The rating curve uses level and discharge data depending on the Julian day of the year (JDOY). The first line contains H for the first column. The other lines contain the water level and the corresponding discharges for the different JDOY (1-365), see also the example below, that shows part of a CSV file (first 4 Julian days). The volume above the maximum water level of the rating curve is assumed to flow instantaneously out of the reservoir (overflow).

H
394,    43,     43,     43,     43
394.01, 44.838, 44.838, 44.838, 44.838
394.02, 46.671, 46.671, 46.671, 46.671
394.03, 48.509, 48.509, 48.509, 48.509
394.04, 50.347, 50.347, 50.347, 50.347
394.05, 52.179, 52.179, 52.179, 52.179

Note

Please note that H in these two examples is defined as meters above sea level. When using option (1) for the storage curve, the level is defined as meters above reservoir bottom. Therefore, please be careful to ensure consistent units when using/combining storage and rating curves from data.

External inflows

External inflows \(\SIb{}{m^3\ s^{-1}}\) for example inflows that are not explicitly simulated by wflow or abstractions can be added to reservoirs, as a cyclic parameter or as part of forcing. For example, cyclic inflow can be provided in the TOML file as follows:

[input.cyclic]
"reservoir_water_inflow~external__volume_flow_rate" = "reservoir_inflow"

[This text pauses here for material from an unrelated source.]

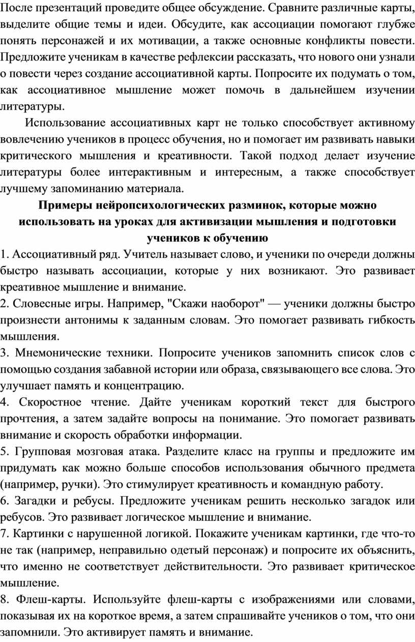После презентаций проведите общее обсуждение. Сравните различные карты, выделите общие темы и идеи. Обсудите, как ассоциации помогают глубже понять персонажей и их мотивации, а также основные конфликты повести. Предложите ученикам в качестве рефлексии рассказать, что нового они узнали о повести через создание ассоциативной карты. Попросите их подумать о том, как ассоциативное мышление может помочь в дальнейшем изучении литературы.

These inflows are added or subtracted from the reservoir inflow. In case of an abstraction (negative inflow), the abstraction is limited by a fixed scaling factor of \(0.98\) applied to reservoir storage. Negative external inflows are satisfied first, and the remaining reservoir storage is available for internal abstractions as part of water demand and allocation computations.

References

• Bos M.G., 1989. Discharge measurement structures. Third revised edition, International Institute for Land Reclamation and Improvement ILRI, Wageningen, The Netherlands.
• Burek P., Van der Knijf J.M., Ad de Roo, 2013. LISFLOOD – Distributed Water Balance and flood Simulation Model – Revised User Manual. DOI: http://dx.doi.org/10.2788/24719.